It’s so hot fire ants are really on fire.
It’s so hot that the only waves at the beach were heatwaves.
It’s so hot my campfire lit itself.
It’s so hot granny broke wind just to have a little breeze.
It’s so hot I discovered my seat belt makes a pretty good branding iron.
It’s so hot Jehovah’s Witnesses started telemarketing.
It's so hot outside the ice cream man just change the sign on the side of his truck to "cream."
It’s so hot that I’m using Celsius instead of Fahrenheit just to have a lower number.
It’s so hot I saw two hydrants fight over a dog.
It’s so hot I saw a squirrel picking up nuts with potholders.
It’s so hot polar bears are wearing sunscreen.
It’s so hot that Tabasco sauce tastes mild.
It’s so hot I started putting ice cubes in my waterbed.
It’s so hot even my wife’s heart is melting.
It's so hot out that my sweat is sweating.
It’s so hot that you can poach eggs in a pool.
It was so hot that the soles of my shoes melted.
It’s so hot the best parking place is determined by the shade instead of the distance.
It was so hot that I poured boiling water on myself to cool down.
It’s so hot the catfish are already fried when you catch them.
It’s so hot that the clams were already steamed when I dug them up.

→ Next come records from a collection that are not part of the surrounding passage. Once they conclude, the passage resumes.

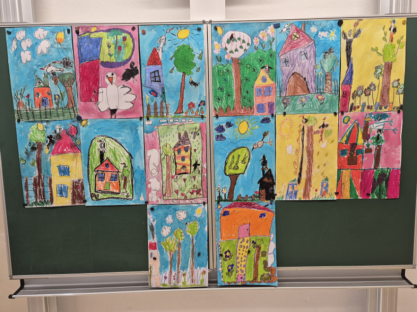 Děti z 1.A představují své krásné jarní obrázky.
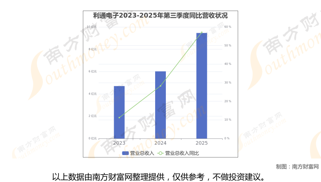 (如上图)利通电子披露2025年第三季度报告,报告期实现营收9.46亿元,同比57.09%。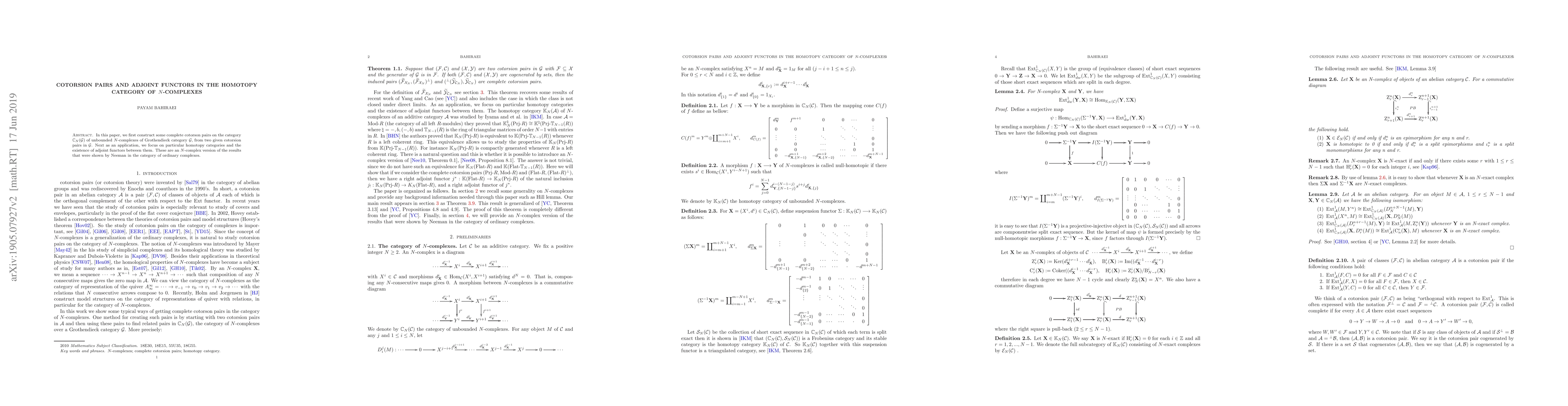 In this paper, we first construct some complete cotorson pairs on the category $\mathbb{C}_N(\mathcal{G})$ of unbounded $N$-complexes of Grothendieck category $\mathcal{G}$, from two given cotorsion pairs in $\mathcal{G}$. Next as an application, we focus on particular homotopy categories and the existence of adjoint functors between them. These are an $N$-complex version of the results were shown by Neeman in the category of ordinary complexes.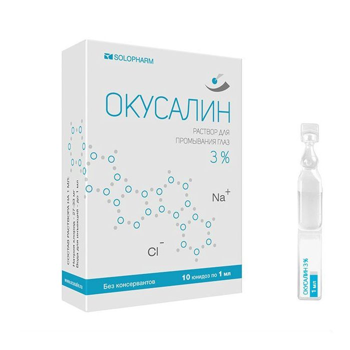 Okusalin is a sterile solution of sodium chloride (hypertonic solution of NaCl 3%).
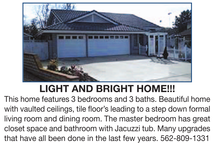 LIGHT AND BRIGHT HOME!!! This home features 3 bedrooms and 3 baths. Beautiful home with vaulted ceilings, tile floor’s leading to a step down formal living room and dining room. The master bedroom has great closet space and bathroom with Jacuzzi tub. Many upgrades that have all been done in the last few years. 562-809-1331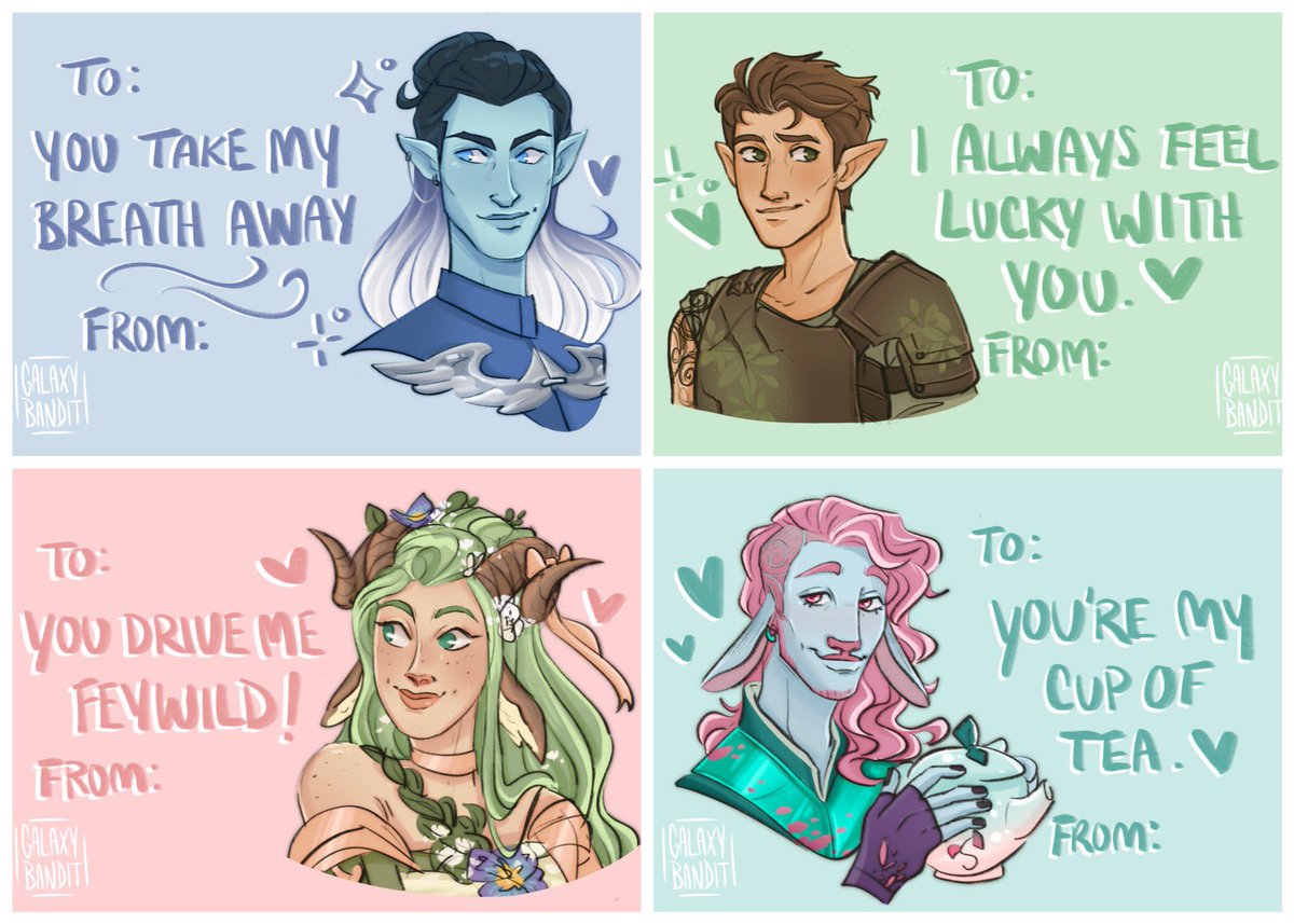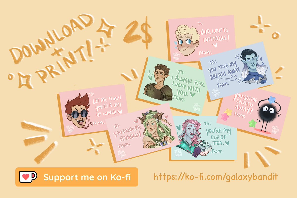 💖✨V-day is around the corner!🥰 💕 Get a digital download to print and gift to friends @ ko-fi.com/galaxybandit/s… ! #valentinecard #criticalrolefanart #IneffableHusbands #vday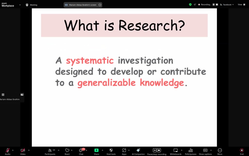 In this insightful lecture, Prof. Ibrahim delved into the crucial topics of research ethics and the ethical approval processes that every researcher must navigate. Her extensive experience in both the academic and practical aspects of research ethics made this session a valuable learning opportunity for all attendees.

It’s so hot firecrackers light themselves.
It’s so hot the Statue of Liberty was asked to lower her arm.
It’s so hot I bought a loaf of bread and by the time I got home, it was toast.

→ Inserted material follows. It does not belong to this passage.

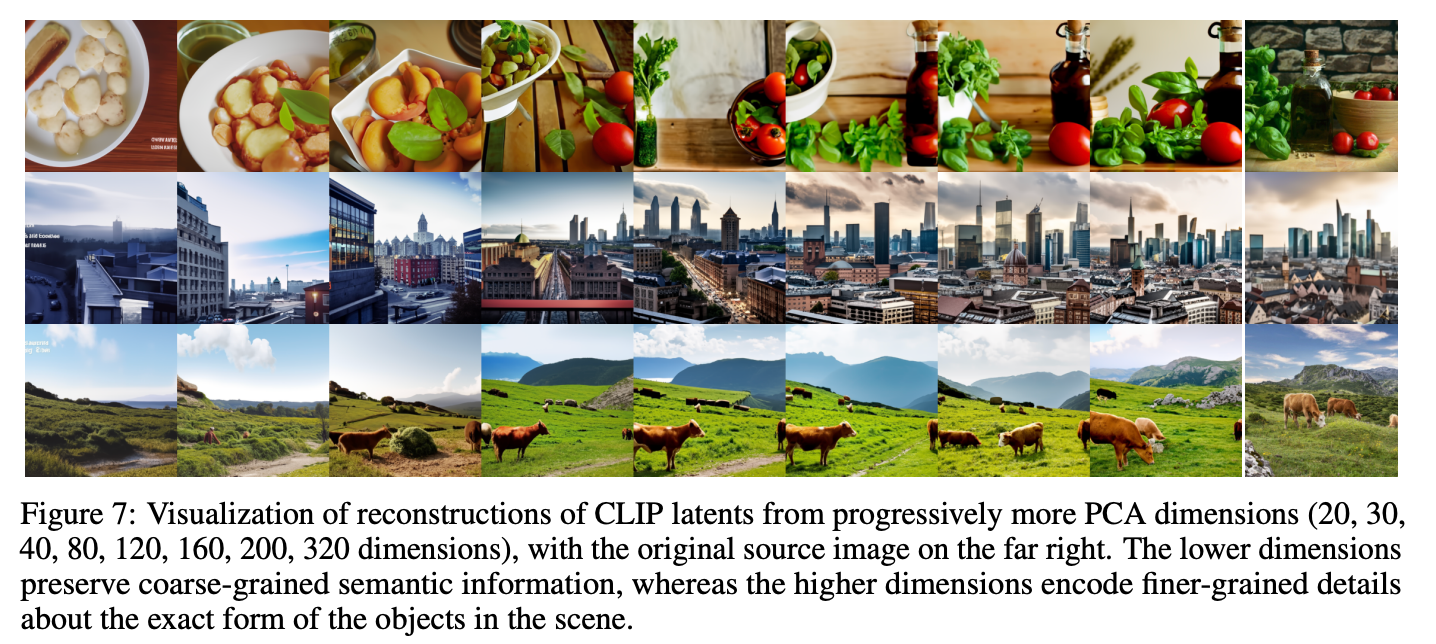 PCA重建提供了另一种探索CLIP潜在空间结构的工具。在图7中,我们取少量源图像的CLIP图像嵌入,并用逐渐增多的PCA维度重建它们,然后使用我们的解码器和固定种子的DDIM可视化重建的图像嵌入。这使我们能够看到不同维度编码了哪些语义信息。我们观察到,早期的PCA维度保留了粗粒度的语义信息,例如场景中有哪些类型的物体,而后期的PCA维度编码了更细粒度的细节,例如物体的形状和确切形式。例如,在第一个场景中,早期维度似乎编码了存在食物和可能一个容器,而后期维度则具体编码了西红柿和一个瓶子。图7也作为AR先验建模的可视化,因为AR先验被训练为显式地按此顺序预测这些主成分。

It’s so hot my dream house is an igloo.
It’s so hot that you can’t make a chili dog.
It's so hot that all the water buffalo at the zoo evaporated.
It’s so hot that my kite crashed and burned.

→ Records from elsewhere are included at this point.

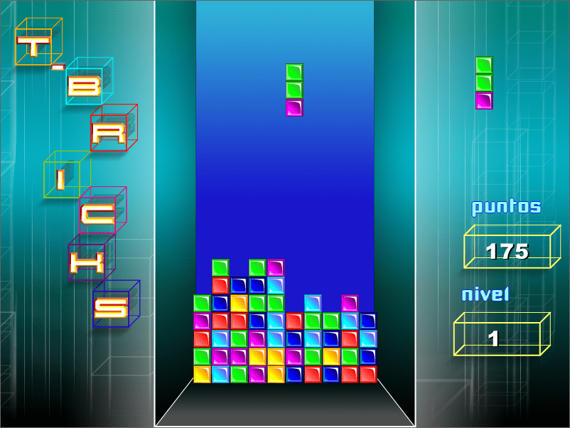 T-Bricks is a video game published in 2003 on Windows by Ediciones Cátaro, S.L., Revista Genios. It's an action and puzzle game, set in a falling block puzzle and tile matching puzzle themes.
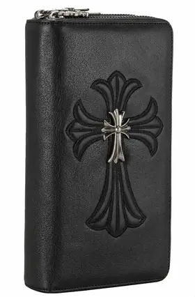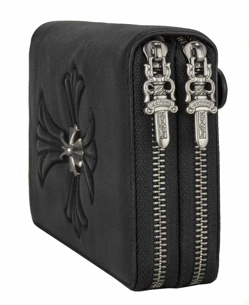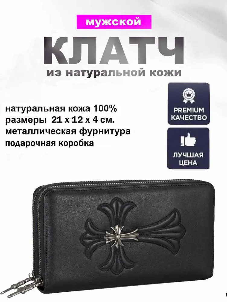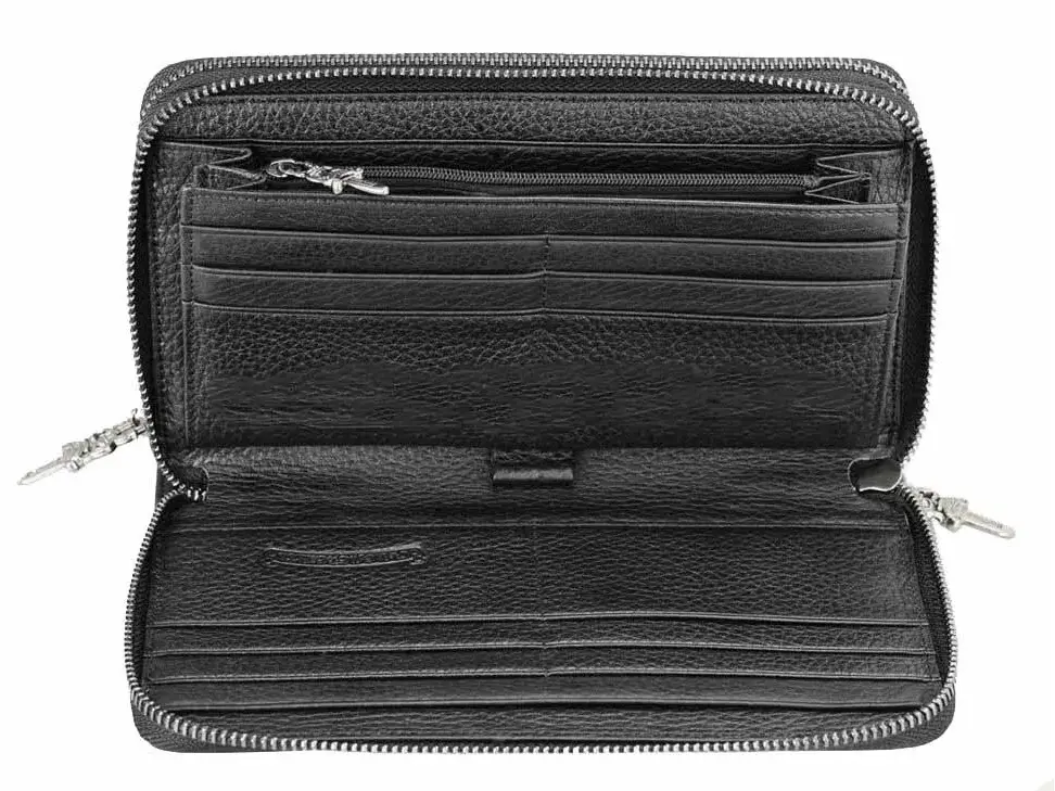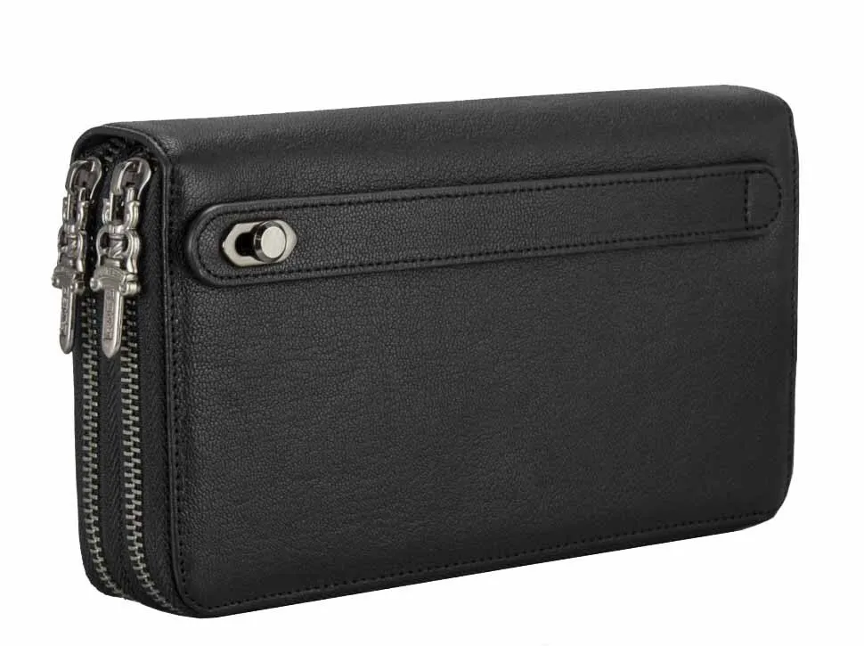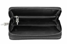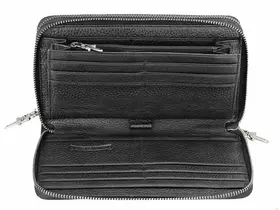Изделие изготовлено из 100% натуральной кожи чёрного цвета. Имеет два основных отделения на молнии. Одно вмещает в себя 2 отделения для купюр, 2 кармана свободного применения, карман на молнии для монет и 16 кармашков для пластиковых карт, второе - 3 отделения для купюр, 2 кармана свободного применения и карман для монет на молнии. Снаружи с обратной стороны расположена ручка. В комплект входит фирменная коробка для оптимального хранения изделия. Размеры: ширина - 22 см, высота - 13 см, толщина - 5 см. 2976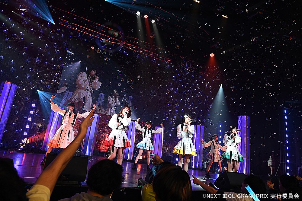 「NIG FES 2024」1日目のトップバッターには、同日開催されたネクストブレイクアイドルの頂点を決める特典総額2,000万円の大型アイドルコンテスト「NIG2024」で5位を受賞した5人組アイドルグループ「miao(ミャオ)」と4位の8人組アイドルグループ「PATI PATI CANDY…☆(パチパチキャンディー)」が登場し、コンテストでの興奮そのままに開演直後の会場を一気に盛り上げた。デビュー1年目の「Wenus」、「SAI ²Rium」(NIG2023 グランプリ)、「iSPY」(NIG2022 グランプリ)に続いて、2024年2月に10周年を迎えた、株式会社DONUTSが提供中のスマートフォン向けゲームアプリ『Tokyo 7th シスターズ』の「EPISODE 2053」から、「RiPoP(from Tokyo 7th シスターズ)」が初登場。「ゴチャメチャ×ワンダーランド」をはじめとする二人ユニットらしい息ぴったりの3曲を披露し、第一部のラストは「Onephony」が飾った。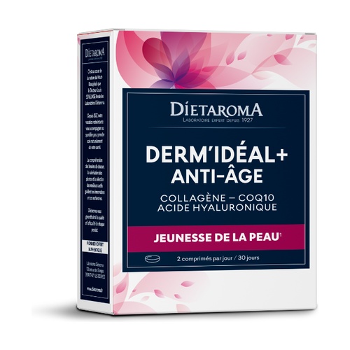 Dermidéal Plus od Dietaroma, s mořským kolagenem, kyselinou hyaluronovou a koenzymem Q10, pochází z bakteriální biofermentace a přírodní vitamín C dodaný extraktem z aceroly.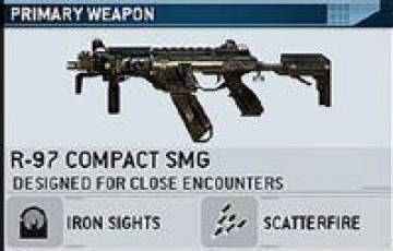 R-97紧凑式冲锋枪,为近距离遭遇战设计,可装配机瞄、红点、发散式火力(?),其他未知。

It’s so hot ice pops are melting in the freezer.
It’s so hot you can wash and dry your clothes at the same time.
It’s so hot the trees are whistling for the dogs.
It’s so hot I saw a heatwave and I waved back.
It’s so hot, when the temperature drops below 95 I start to feel chilly.
It’s so hot I almost called my ex so I could be around something shady.
It was so hot that my gold jewelry melted.
It’s so hot all the sand on the beach is now glass.
It’s so hot all chocolate is hot chocolate.
It’s so hot you need a spatula to remove your clothing.
It's so hot that you can fry an egg on the sidewalk!
It’s so hot outside I just saw two hobbits throw a ring off my roof.
It’s so hot that I have taken to leaving the toilet seat up just to get those chilling, icy stares from my wife.
It’s so hot I got condensation on my backside from the water in the toilet bowl.
It’s so hot that corn on the stalks starts popping.
It’s so hot you can pull a leaf off a tree and iron with it.
It’s so hot I wish had got the cloth seats instead of the leather ones.
It’s so hot I set the house on fire just to cool off.
It’s so hot I saw a cop chasing a thief and they were both walking.
It’s so hot they installed a fan in the debt ceiling.
It’s so hot I’m sweating like a politician on election day.
It’s so hot I saw a chicken lay an omelet.